Line1: L.D LR1 0(LR2)
DADD LR1, LR1, LR3
ST.D LR1, 0(LR2)
DADD LR2, LR2, 8
BNE LR2, LR4, Line1
The processor has a width of 3, i.e., every pipeline stage can move up to 3 instructions through in every cycle. Show the renamed code for the first 15 instructions of this program. In what cycle will the 15th instruction get committed?
Assumptions:
Assume that branch prediction is perfect for a simple program like this. With the help of a trace cache, even fetch is perfect. Assume that caches are perfect as well. Assume that the dependent of a DADD instruction can leave the issue queue in the cycle right after the DADD. Assume that the dependent of an L.D cannot leave in the next cycle, but the cycle after that.
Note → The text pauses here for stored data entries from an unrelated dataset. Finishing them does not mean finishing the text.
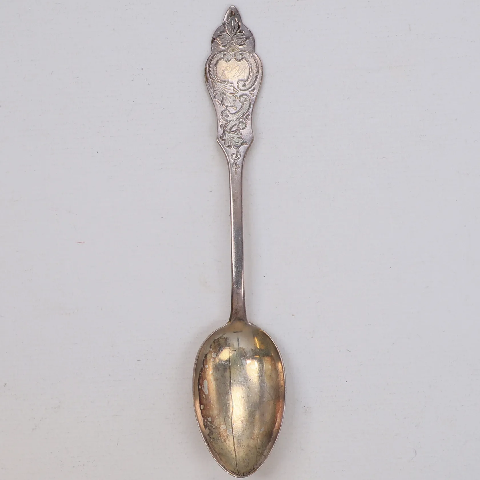 Sked, längd 16cm, tyska stämplar, personlig gravyr, 800/1000 silver Vikt: 31 g.
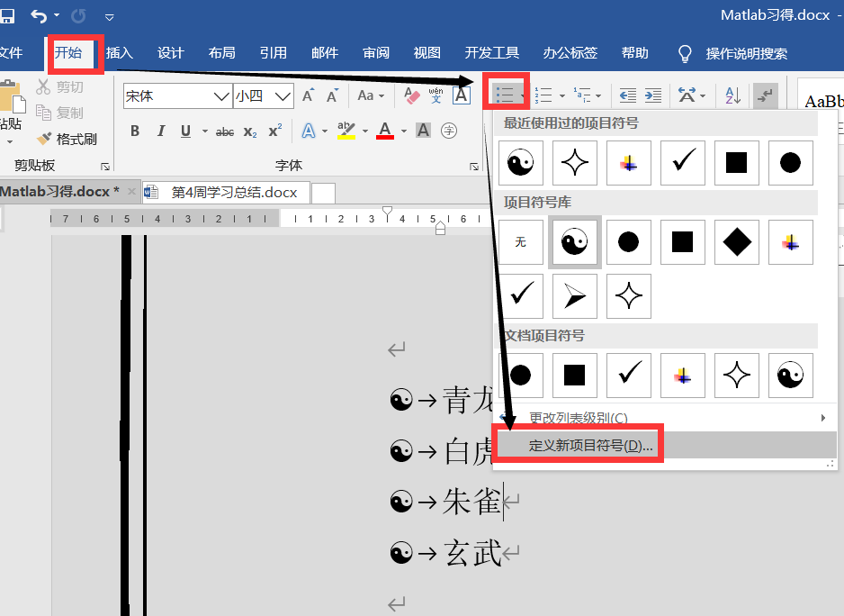 8.添加项目符号-可以在自定义中选择新的符号
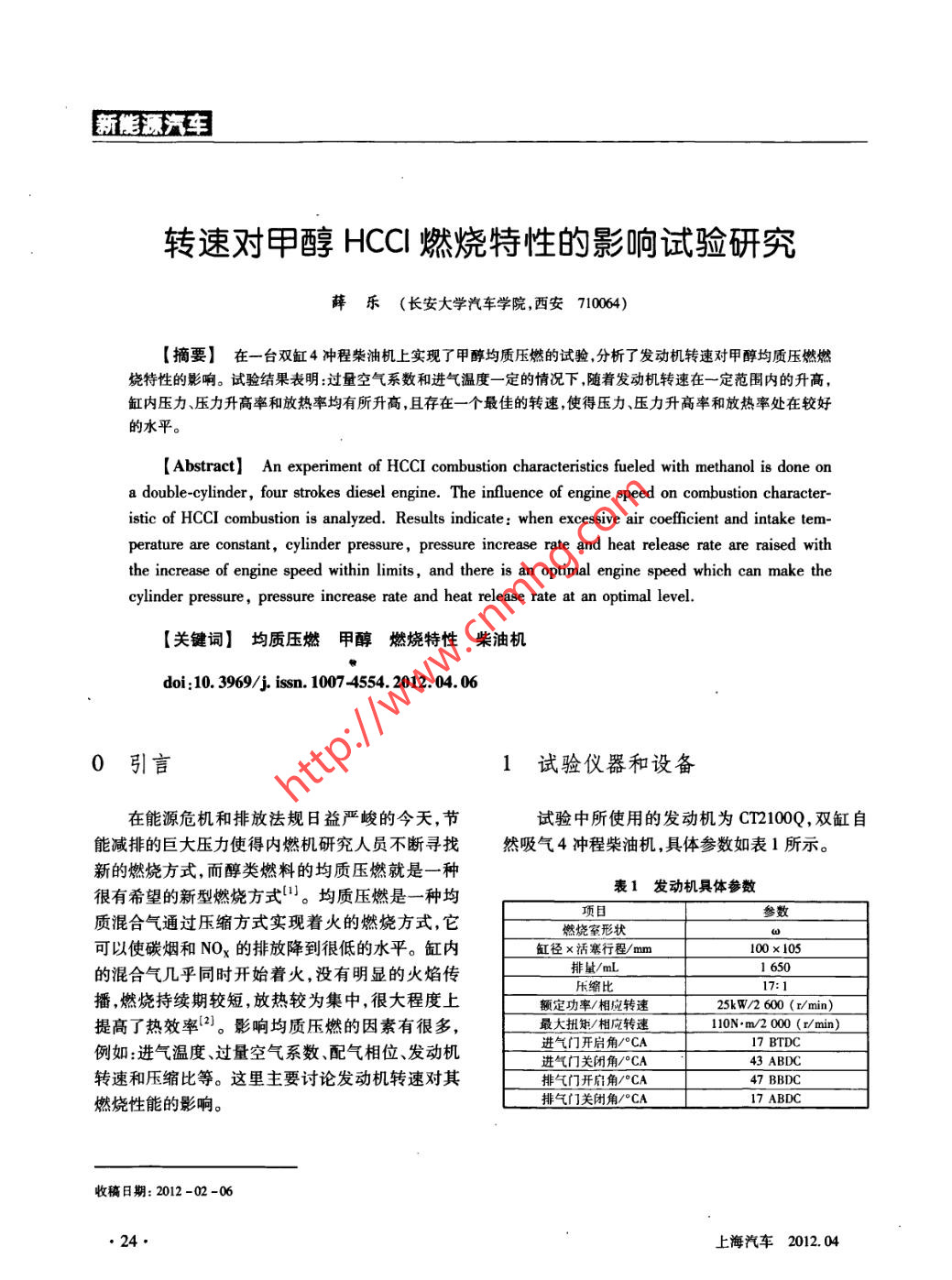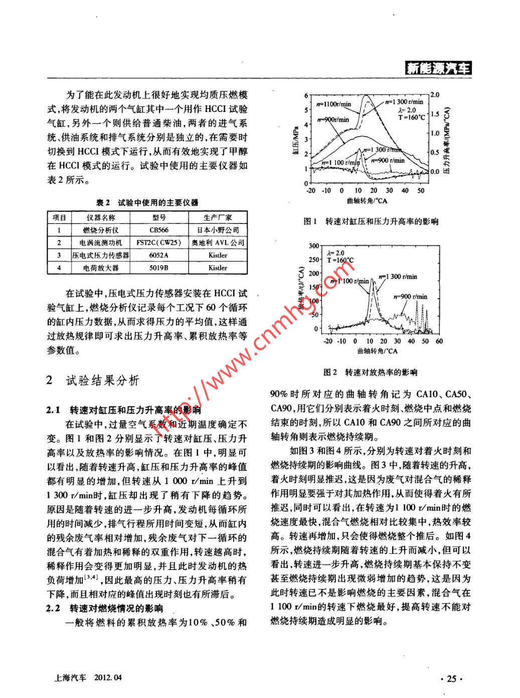 轉速對甲醇HCCI燃燒特性的影響試驗研究

Assume a ROB, an issue queue, and an LSQ with 20 entries each. When the thread starts executing, its logical register LR1 is mapped to physical register PR1, LR2 is mapped to PR2, and so on. An instruction goes through 5 pipeline stages before it gets placed in the issue queue and an additional 5 pipeline stages (6 for a LD/ST) after it leaves the issue queue (in other words, an instruction will take a minimum of 11 cycles to go through the pipeline). When determining if a L.D can issue, you need not check to see if previous store addresses have been resolved (just to make the problem simpler). As a further simplification, assume that stores leave the issue queue when their register dependences have been fulfilled (recall that a real processor will issue a store only when the store is the oldest instruction in the ROB).Q2: Load-Store Queue
The table below lists a sequence of loads and stores in the LSQ, and the cycles when their one (for loads) or two (for stores) input operands are made available, and their computed effective addresses. Estimate when the address calculation happens for each ld/st and when each ld/st accesses the data memory. Assume that the processor does no memory dependence prediction to speculatively issue loads.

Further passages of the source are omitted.